There are several statements known as "Miquel's Theorem", but the one I'm interested in here is Miquel's Six-Circle Theorem. It states that, if four points \( ABCD \) lie on a circle, and we draw four more circles through \( AB \), \( BC \), \( CD \), and \( AD \), the second intersection points of each of these four circles will also lie on a circle. Below I've drawn the first five circles in black, and the circle that must exist through the intersection points in red dashes.
One can find this in books and various web sources (e.g. here, here, or here). But what I haven't seen mentioned is that this can be interpreted in a very natural way as a statement about 3d geometry:
Theorem: Let a cuboid be placed in 3d in such a way that seven of its vertices belong to a sphere. Then the eighth vertex also belongs to the same sphere.

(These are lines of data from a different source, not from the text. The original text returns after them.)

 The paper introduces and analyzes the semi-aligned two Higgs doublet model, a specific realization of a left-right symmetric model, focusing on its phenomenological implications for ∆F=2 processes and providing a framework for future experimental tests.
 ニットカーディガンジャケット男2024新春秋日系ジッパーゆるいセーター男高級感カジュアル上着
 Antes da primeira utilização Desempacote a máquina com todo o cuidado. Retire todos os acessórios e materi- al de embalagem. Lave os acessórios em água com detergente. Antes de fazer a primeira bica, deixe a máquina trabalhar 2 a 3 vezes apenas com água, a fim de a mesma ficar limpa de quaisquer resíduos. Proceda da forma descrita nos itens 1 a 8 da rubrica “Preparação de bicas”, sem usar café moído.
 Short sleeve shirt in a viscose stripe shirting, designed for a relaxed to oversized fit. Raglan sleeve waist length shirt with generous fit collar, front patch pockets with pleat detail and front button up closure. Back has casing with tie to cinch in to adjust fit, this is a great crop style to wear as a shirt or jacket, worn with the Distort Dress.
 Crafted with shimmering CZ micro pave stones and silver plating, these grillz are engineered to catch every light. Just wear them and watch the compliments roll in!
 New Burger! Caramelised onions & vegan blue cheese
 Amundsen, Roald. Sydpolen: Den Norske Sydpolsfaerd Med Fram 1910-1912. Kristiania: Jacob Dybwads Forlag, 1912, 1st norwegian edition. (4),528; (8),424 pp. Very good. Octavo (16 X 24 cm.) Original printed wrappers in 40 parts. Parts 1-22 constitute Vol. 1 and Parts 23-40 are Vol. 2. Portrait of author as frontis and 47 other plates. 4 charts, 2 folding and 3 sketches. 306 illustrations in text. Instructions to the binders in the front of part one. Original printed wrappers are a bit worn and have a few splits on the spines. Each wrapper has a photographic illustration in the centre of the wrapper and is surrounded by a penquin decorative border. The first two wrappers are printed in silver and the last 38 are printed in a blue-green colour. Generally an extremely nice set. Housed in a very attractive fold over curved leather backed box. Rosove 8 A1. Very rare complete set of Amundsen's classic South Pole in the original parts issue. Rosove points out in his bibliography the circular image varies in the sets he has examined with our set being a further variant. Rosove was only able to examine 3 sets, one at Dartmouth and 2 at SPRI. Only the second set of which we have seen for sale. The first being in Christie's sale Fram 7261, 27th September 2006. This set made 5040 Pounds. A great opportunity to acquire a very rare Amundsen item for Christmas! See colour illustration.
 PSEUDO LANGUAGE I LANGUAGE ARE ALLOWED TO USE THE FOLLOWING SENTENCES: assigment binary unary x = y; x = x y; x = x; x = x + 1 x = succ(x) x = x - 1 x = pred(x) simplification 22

Proof: By polar projection we can transform statements such as Miquel's from circles in the plane into equivalent statements about circles on a sphere. But a circle on a sphere is just the intersection of the sphere with a plane, and three circles meet at a point when the point where the corresponding three planes meet lies on the sphere. So, if seven cuboid vertices lie on a sphere, then any four of them on the same face can be taken as \( ABCD \); let the other four vertices be correspondingly \( A'B'C'D' \). Miquel's theorem for circles on a sphere tells us that the four points where the lines \( AA' \), \( BB' \), \( CC' \), and \( DD' \) cross the sphere are coplanar. Since three of these crossing points are cuboid vertices belonging to the plane \( A'B'C'D' \), the fourth must be as well.
*wanders off grumbling about needing a copy of Cinderella that runs under OS X*
ETA, 1/23/08: Miquel's original paper can be found here, and already mentions the generalization to circles on a sphere, though not to vertices of cuboids. Thanks to Tim Robinson for digging all this up.